(Stored data)
§
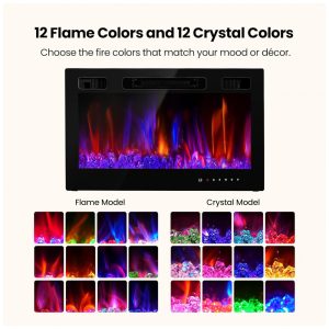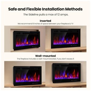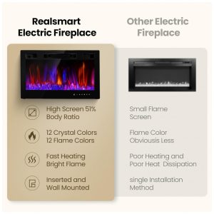 Lareira Elétrica Embutida 762 cm RealSmart 1500W – Aquecedores de Parede Controle Remoto – 12 Cores de Chama – Design Moderno – Baixo Ruído
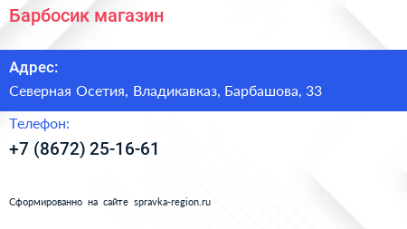 Барбосик, магазин по адресу Северная Осетия, Владикавказ, Барбашова, 33 в дальнейшем Организация, размещена в следующих категориях:
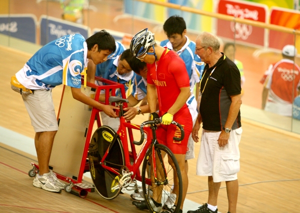 赛道上,竞赛组织的志愿者在反复调试着安装起跑器的位置。他们要将沉重的起跑器摆放在赛道的斜坡上,一人拉、一人推、一人拖电线,“放在白线上,别超过标志的前沿。”志愿者在工作中严格按照起跑器的摆放要求进行摆放,“可以用粉笔做记号,减少误差,减少对赛道的摩擦。”
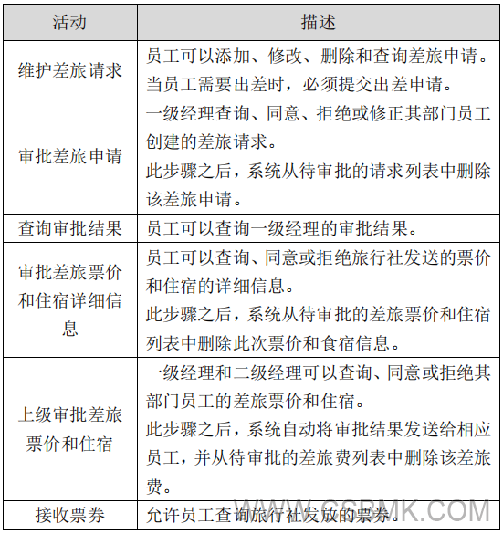 旅行社是公司外部的服務(wù)提供商,不與差旅系統(tǒng)交互。旅行社為該公司編制預(yù)算并預(yù)定所需的票券和住宿。
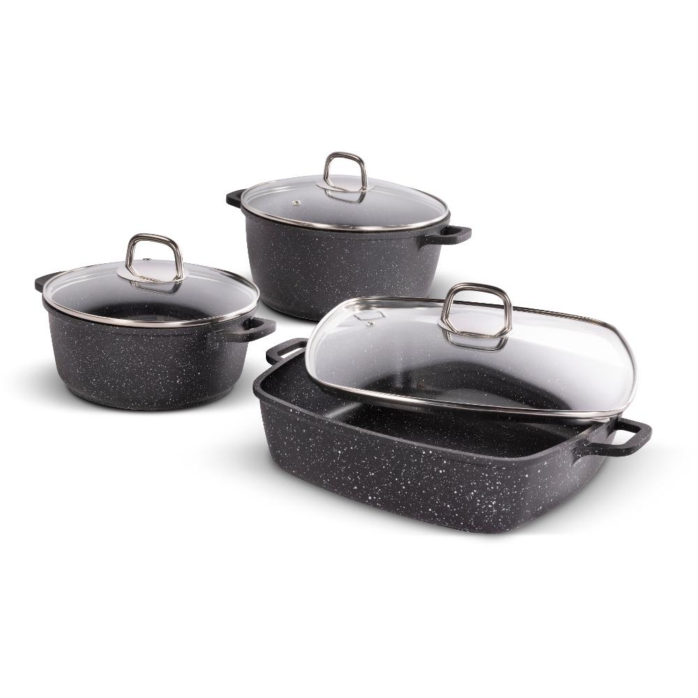 Edények tapadásmentes felülettel van ellátva, amely ellenáll a karcolásnak és az égésnek, vastag aljjal, nagyon elegáns fogantyúkkal a nagyobb biztonság, funkcionalitás és kényelem érdekében.
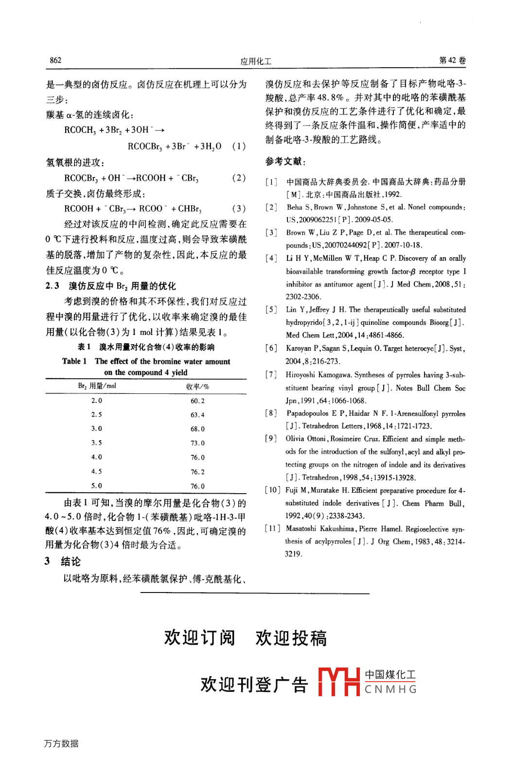 第42卷第5期應(yīng)用化工Vol. 42 No. 52013年5月Applied Chemical IndustryMay 2013吡咯-3-羧酸的合成劉志達(dá),滕大為(青島科技大學(xué)化工學(xué)院,山東青島266042)摘要:以吡略為原料 ,經(jīng)苯磺酰氯保護(hù)、傅-克?;?、溴仿反應(yīng)和去保護(hù)等反應(yīng)制備了吡咯3-羧酸,總產(chǎn)率48. 8%。并對溴仿反應(yīng)的工藝條件進(jìn)行了優(yōu)化,最佳溴仿反應(yīng)條件是:Br,:底物=4:1(摩爾比),反應(yīng)溫度0 C,反應(yīng)時(shí)間2 h,收率可達(dá)82%。關(guān)鍵詞:吡咯3-甲酸;溴仿反應(yīng);合成中圖分類號: TQ 062.1文獻(xiàn)標(biāo)識碼:A文章編號:1671 -3206(2013)05 -0860 -03Synthesis of pyrrole-3-carboxylic acidLIU Zhi-da , TENG Da-wei(College of Chemical Engineering, Qingdao University of Science and Technology ,Qingdao 266042 ,China)Abstract : Pyrrole-3-carboxylic acid was synthesized by the reaction of benzenesulfonyl chloride protec-tion , Friedel-Crafts acylation , the bromoform reaction and deprotection from the starting material pyrrolewith a total yield of 48.8% . And the optimized conditions of bromoform reaction were obtained as follows:Br2: substrate = 4:1 ( molar ratio) ,reaction temperature 0 C, reaction time2 h, the yield can be up toKey words :pyrrole-3-carboxylic acid; bromoform reaction; synthesis吡咯類化合物是重要的化工原料”,由于該類的吡咯為原料,與苯磺酰氯反應(yīng)得1-( 苯磺?;?-化合物的親電取代反應(yīng)基本都發(fā)生在2位,所以有1H-吡咯(2)[891 ,(2)經(jīng)?;磻?yīng)得1-(1-(苯磺酰關(guān)其研究大都集中在2-取代吡咯。近年來,3-取代基)-IH-吡咯-3-基)乙酮(3)01),(3)經(jīng)溴仿反應(yīng)的吡咯類化合物日益受到重視而有很大發(fā)展,有關(guān)生成1-(苯磺酰基)吡咯-1H-3-甲酸(4),(4)脫苯吡咯3-羧酸的應(yīng)用也漸有報(bào)道,如3-吡咯羧酸(1) .磺?;?-吡咯甲酸(1)。并對其中的苯磺?;?捎糜诤铣?-乙烯基芐基-1H-吡咯-3.羧酸乙酯和護(hù)反應(yīng)和溴仿反應(yīng)的工藝條件進(jìn)行了反復(fù)驗(yàn)證和優(yōu)N-(4-乙烯基苯基)-1H-吡咯-3-甲酰胺等化合物及化,得到一條反應(yīng)條件溫和、后處理簡便、收率高的術(shù)生物,還可以用于合成鎮(zhèn)痛藥物,抗高血壓藥物和制備吡咯3.羧酸的方法。精神神經(jīng)藥物吡咯烷3羧酸甲酯(26i等。1實(shí)驗(yàn)部分3-取代吡咯的合成方法可以分為三類°":①在.1 試劑與儀器吡咯環(huán)2位上引人一個(gè)可離去的鈍化基團(tuán)(一般是吡咯、苯磺酰氯、液溴和乙酰氯均為分析純。乙?;? ,然后再在4-位引人基團(tuán);②酸誘導(dǎo)的2-取WRS2IB型數(shù)字熔點(diǎn)儀(溫度未校正);AV 500代吡咯的異構(gòu)化,得到的產(chǎn)物是2.取代和3-取代異型核磁共振儀(CDC],為溶劑,TMS為內(nèi)標(biāo))。構(gòu)體的混合物;③直接苯磺?;谋Wo(hù)后的傅克酰1.2合成方法基化。吡咯-3羧酸的合成路線如下:吡咯3-羧酸的合成報(bào)道很少,本文以廉價(jià)易得收稿日期:201303-11修改稿日期:2013-0401中國煤化工基金項(xiàng)目:山東省重點(diǎn)實(shí)驗(yàn)室開放基金資助項(xiàng)目(200903 )CNMH G,作者簡介:劉志達(dá)(1987 -) ,男,山東青島人,青島科技大學(xué)碩士研究生,師從際人力以役,八于情地兒I方面研究。電話:13853257137 ,E - mail:liuzhida841 17602@ 126. com通訊聯(lián)系人:滕大為,男,教授。E-mail:dtengw@ qust. edu. cn第5期劉志達(dá)等:吡咯-3-羧酸的合成861-0H)+)心 !_Br:+NaOHP、!(4)OHNaOH (1.2.1 1-(苯基磺?;?-1H-吡咯(2)的合成 將合并有機(jī)相,無水硫酸鈉干燥,得灰色固體(4)KOH顆粒加入到溶有吡咯50 g(0. 746 mol) 的53.53 g, 收率76.0% ,m.p. 146~148 C。500 mL乙醇溶液中,蒸出乙醇。加200 mL丙酮,冰'H NMR ( CDCl,-DMS0-d,8):6.1(1H,d,J=浴下慢慢滴加苯磺酰氯144. 95 g(0. 821 mol) ,滴加3.5 Hz) ,6.7(1H,d,J=1.5 Hz), 7.2(2H,d,J=完成后,常溫反應(yīng)20 min。加人400 x2 mL乙酸乙3 Hz) ,7.3(1H,s) ,7.6(1H,s) ,7.7~7.8(3H,m),酯進(jìn)行萃取,再用飽和食鹽水沖洗2遍,分液,有機(jī)12. 5(1H, Brs,D20交換后消失)。相加入無水硫酸鈉進(jìn)行干燥,過濾,蒸干,得淺棕色1.2.4 吡咯3-甲酸(1)的合成將(4)40 g固體(2)138. 86 g,收率90% ,m.p.88~91 C。(0.159mol)溶于200mL甲醇中,加16%的氫氧化'H NMR(500 MHz, CDCl,8):6. 1(2H,t,J=鈉溶液150 mL,加熱至回流,反應(yīng)4 h。用旋轉(zhuǎn)蒸發(fā)2.5 Hz) ,6. 6(2H,d,J=3.2 Hz),7.3 ~7.93(5H,儀蒸出甲醇,加入6%的稀鹽酸調(diào)節(jié)pH=1 ,析出大m)。量固體。過濾,干燥后在石油醚/乙酸乙酯中結(jié)晶,1.2.2 1-(1-(苯磺?;?-1H-吡咯~3-基)乙酮(3)得灰色固體(1)12.92 g,收率82%。的合成將AlCl3 96.74 g(0.724 6 mol)和1,2-二氯'H NMR (CDCI-DMSO-d. ,8):6.4(1H,S) ,6.8 .乙烷500mL加至2L的三口瓶中,在常溫下緩緩加(1H,d,J=1.5),7. 35(1H,d,J=2.5),11.3(1H,人乙酰氯37. 93 g(0. 4831 mol)加入到反應(yīng)液中,s),11.7(1H,Brs,D20交換后消失)。攪拌30 min,常溫下緩緩滴加溶有(2)50 g 2 結(jié)果與討論(0.241 5 mol)的1,2-二氯乙烷溶液,滴加完畢后,2.1保護(hù)基及 其反應(yīng)方法的選擇反應(yīng)3 h。將反應(yīng)液倒人到冰水混合物中,攪拌吡咯結(jié)構(gòu)中氨基的保護(hù)基有很多,如Boc Cbz、15 min。加人200 x2 mL二氯乙烷進(jìn)行萃取,分液,三苯甲基、三異丙基硅基和苯磺酰基,但考慮到保護(hù)有機(jī)相進(jìn)行干燥,蒸干得到白色固體(3)52.32 g,收基在后續(xù)反應(yīng)中的穩(wěn)定性,保護(hù)條件的苛刻性,工業(yè)率87%,m.p.97~99 C。生產(chǎn)中的成本.反應(yīng)溫度以及操作過程的簡便,我們'H NMR (500 MHz, CDCl3.δ):3.27(3H,s),選用了苯磺?;
§
WHAT TO DO.
From the first line of the records through the line with "Edények tapadásmentes felülettel", reproduce each line exactly and leave the pictures out.

TASK OUTPUT.
 Lareira Elétrica Embutida 762 cm RealSmart 1500W – Aquecedores de Parede Controle Remoto – 12 Cores de Chama – Design Moderno – Baixo Ruído
 Барбосик, магазин по адресу Северная Осетия, Владикавказ, Барбашова, 33 в дальнейшем Организация, размещена в следующих категориях:
 赛道上,竞赛组织的志愿者在反复调试着安装起跑器的位置。他们要将沉重的起跑器摆放在赛道的斜坡上,一人拉、一人推、一人拖电线,“放在白线上,别超过标志的前沿。”志愿者在工作中严格按照起跑器的摆放要求进行摆放,“可以用粉笔做记号,减少误差,减少对赛道的摩擦。”
 旅行社是公司外部的服務(wù)提供商,不與差旅系統(tǒng)交互。旅行社為該公司編制預(yù)算并預(yù)定所需的票券和住宿。
 Edények tapadásmentes felülettel van ellátva, amely ellenáll a karcolásnak és az égésnek, vastag aljjal, nagyon elegáns fogantyúkkal a nagyobb biztonság, funkcionalitás és kényelem érdekében.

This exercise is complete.